Problem description: Leave out the pictures and restate the rest of the data exactly.

====== Material for this exercise ======

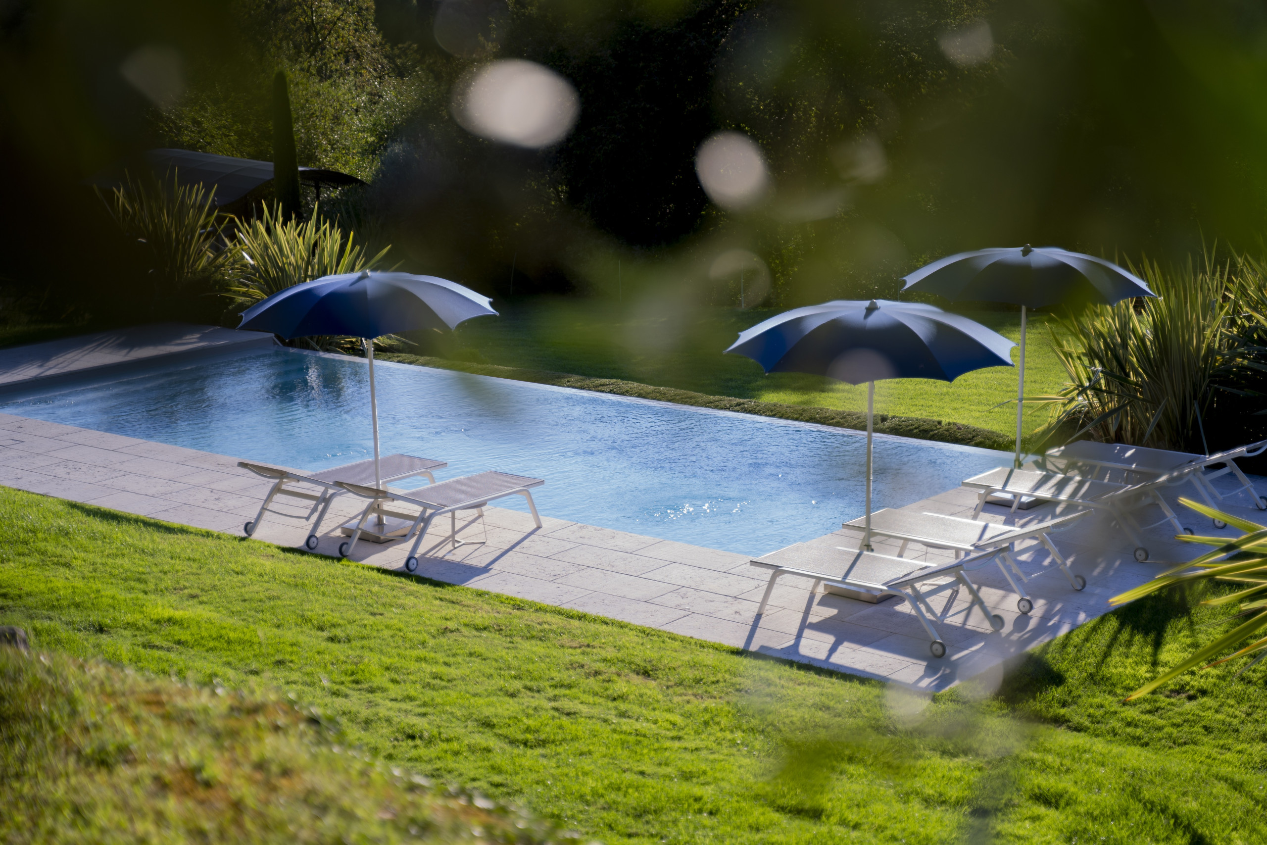 The private swimming pool, spacious and sunny, is surrounded by a dedicated area with sun loungers and parasols.
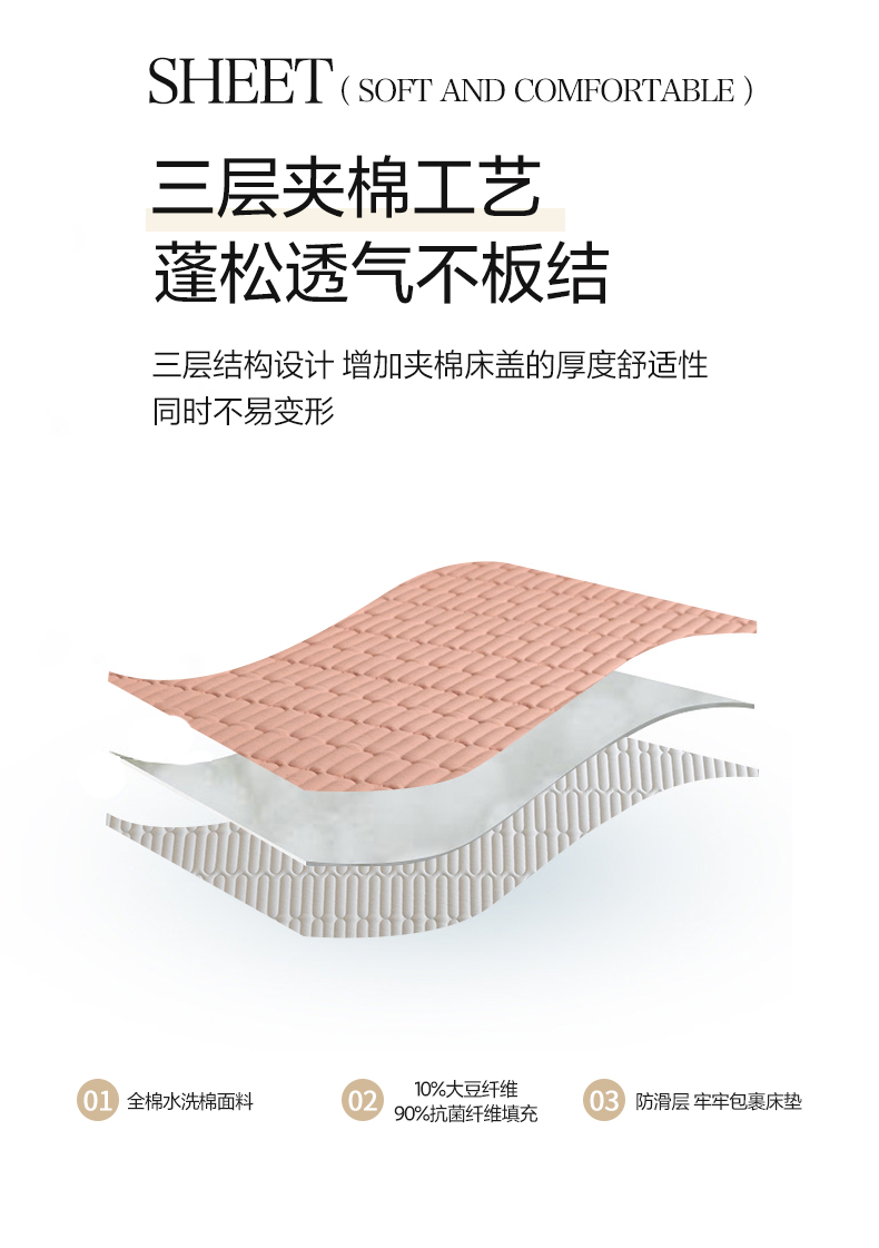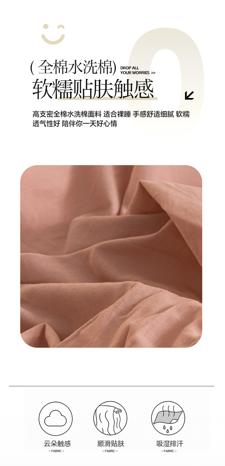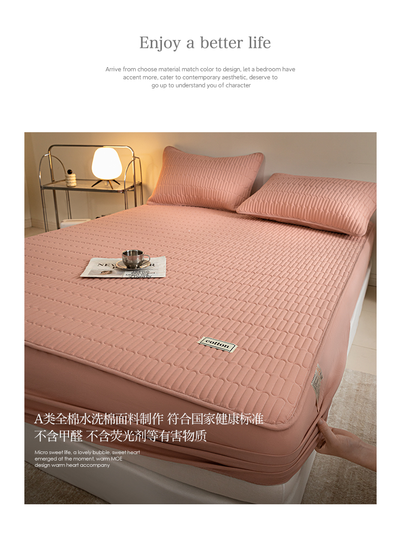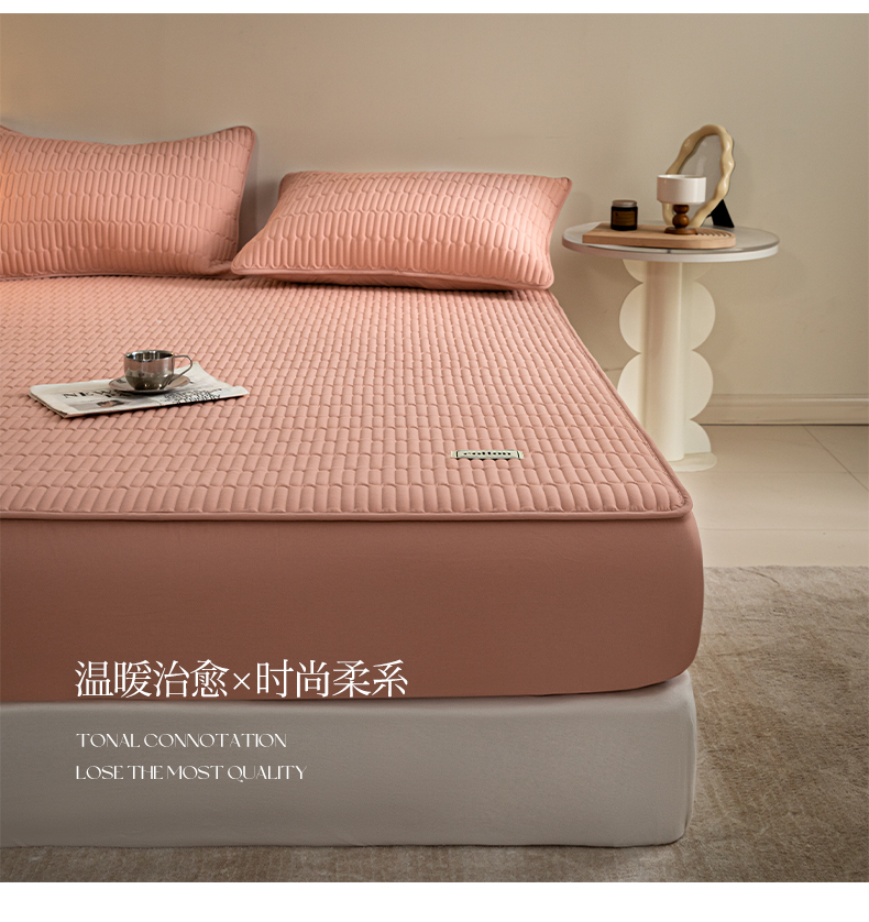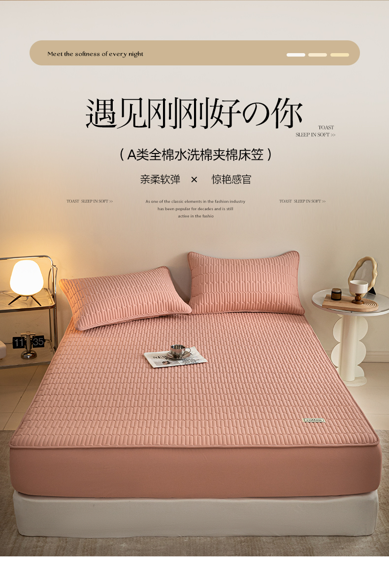 • 91家纺网 家纺一手货源 找家纺 芬晴家纺 2024新款纯棉水洗棉纯色夹棉床笠 漫游-豆沙
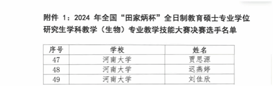 近日,由浙江师范大学主办、田家炳基金会冠名的2024年全国“田家炳杯”全日制教育硕士专业学位研究生学科教学(生物)专业教学技能大赛初赛落下帷幕。我院2023级学科教学(生物)教育硕士贾思源、迟燕婷、刘佳欣顺利入围总决赛,将于12月中旬赴浙江金华参加决赛。2024年全国“田家炳杯”全日制教育硕士专业学位研究生学科教学(生物)专业教学技能大赛初赛共评选出来自62所高校的162名选手入围决赛。该大赛旨在提升全国全日制教育硕士专业学位研究生教师专业技能,促进教育硕士培养院校的互动交流,实现“以赛促学、以赛促训”的目标。大赛初赛阶段采取线上形式进行,包括教学设计、教学展示两个环节,选手需按时提交作品至参赛网站。决赛阶段将采取现场形式,选手需根据比赛现场抽取的教材内容限时完成教学设计和课件制作,而后进行模拟上课环节。
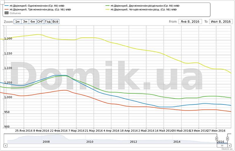 С начала года стоимость квадратного метра квартир на вторичном рынке в Дарницком районе снизилась на 5,4% - с $1060 по данным на 8 января 2016 года до $1003 на 8 июля 2016 года (в Деснянском - на 5,1%, в Днепровском - на 6,2%). В среднем на вторичном рынке квартир Киева за тот же период стоимость квадратного метра квартир упала на 7,8%.
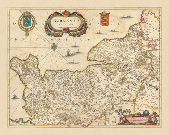 Diese exquisite Karte bietet nicht nur eine geografische Perspektive, sondern auch einen einzigartigen historischen Einblick in das Herzogtum Normandie. Es ist ein unverzichtbares Stück für jeden Geschichtsinteressierten oder Kartografieliebhaber. Entdecken Sie die Feinheiten dieser Karte und begeben Sie sich auf eine Zeitreise in das Herzogtum Normandie im Jahr 1690.
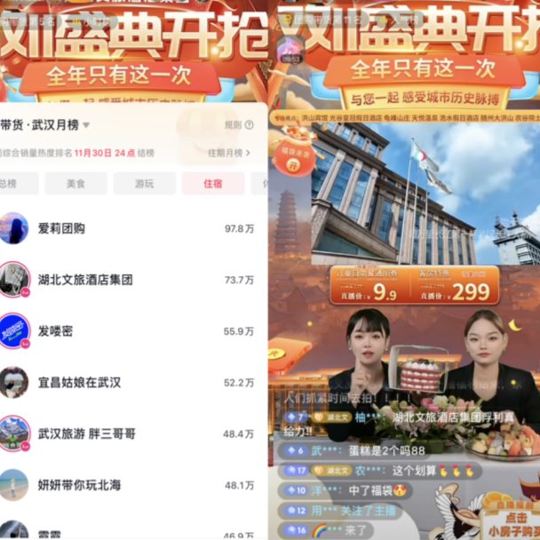 智旅動態(tài)周報(bào) 第157期|數(shù)旅集團(tuán) “雙十一”直播 躋身武漢團(tuán)購帶貨月榜第2名
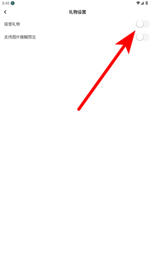 4、在禮物設(shè)置頁面,點擊接受禮物右側(cè)的開關(guān)按鈕,即可開啟接受禮物功能。
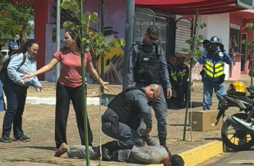Bandido com faca de açougueiro toca o terror em lojas no Centro de Rondonópolis; PM usa choque para contê-lo
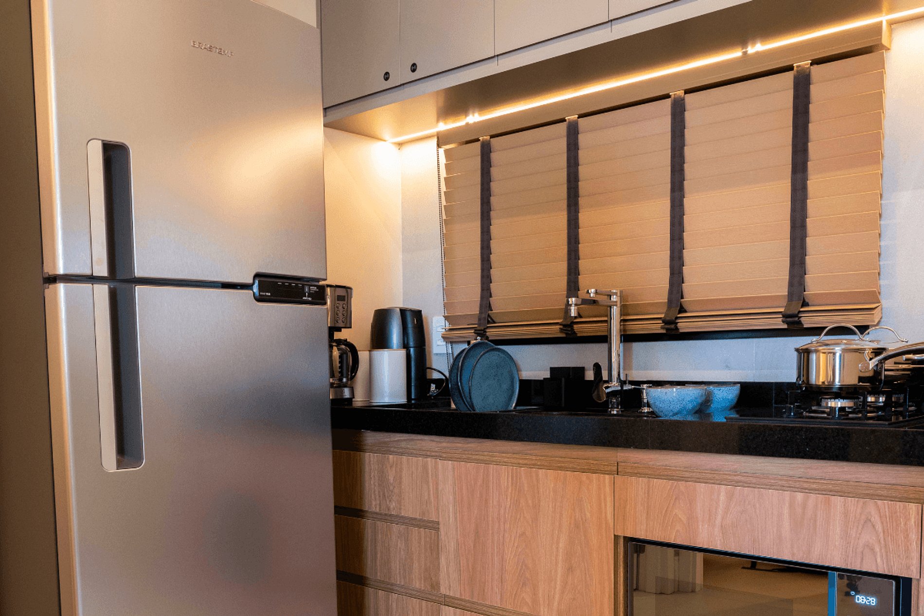 A varanda gourmet é o lugar perfeito para aproveitar momentos descontraídos, enquanto a cozinha, equipada com aparelhos modernos e utensílios premium, proporciona praticidade e prazer na hora de preparar suas refeições favoritas.

======

Exercise result:
 The private swimming pool, spacious and sunny, is surrounded by a dedicated area with sun loungers and parasols.
 • 91家纺网 家纺一手货源 找家纺 芬晴家纺 2024新款纯棉水洗棉纯色夹棉床笠 漫游-豆沙
 近日,由浙江师范大学主办、田家炳基金会冠名的2024年全国“田家炳杯”全日制教育硕士专业学位研究生学科教学(生物)专业教学技能大赛初赛落下帷幕。我院2023级学科教学(生物)教育硕士贾思源、迟燕婷、刘佳欣顺利入围总决赛,将于12月中旬赴浙江金华参加决赛。2024年全国“田家炳杯”全日制教育硕士专业学位研究生学科教学(生物)专业教学技能大赛初赛共评选出来自62所高校的162名选手入围决赛。该大赛旨在提升全国全日制教育硕士专业学位研究生教师专业技能,促进教育硕士培养院校的互动交流,实现“以赛促学、以赛促训”的目标。大赛初赛阶段采取线上形式进行,包括教学设计、教学展示两个环节,选手需按时提交作品至参赛网站。决赛阶段将采取现场形式,选手需根据比赛现场抽取的教材内容限时完成教学设计和课件制作,而后进行模拟上课环节。
 С начала года стоимость квадратного метра квартир на вторичном рынке в Дарницком районе снизилась на 5,4% - с $1060 по данным на 8 января 2016 года до $1003 на 8 июля 2016 года (в Деснянском - на 5,1%, в Днепровском - на 6,2%). В среднем на вторичном рынке квартир Киева за тот же период стоимость квадратного метра квартир упала на 7,8%.
 Diese exquisite Karte bietet nicht nur eine geografische Perspektive, sondern auch einen einzigartigen historischen Einblick in das Herzogtum Normandie. Es ist ein unverzichtbares Stück für jeden Geschichtsinteressierten oder Kartografieliebhaber. Entdecken Sie die Feinheiten dieser Karte und begeben Sie sich auf eine Zeitreise in das Herzogtum Normandie im Jahr 1690.
 智旅動態(tài)周報(bào) 第157期|數(shù)旅集團(tuán) “雙十一”直播 躋身武漢團(tuán)購帶貨月榜第2名
 4、在禮物設(shè)置頁面,點擊接受禮物右側(cè)的開關(guān)按鈕,即可開啟接受禮物功能。
Bandido com faca de açougueiro toca o terror em lojas no Centro de Rondonópolis; PM usa choque para contê-lo
 A varanda gourmet é o lugar perfeito para aproveitar momentos descontraídos, enquanto a cozinha, equipada com aparelhos modernos e utensílios premium, proporciona praticidade e prazer na hora de preparar suas refeições favoritas.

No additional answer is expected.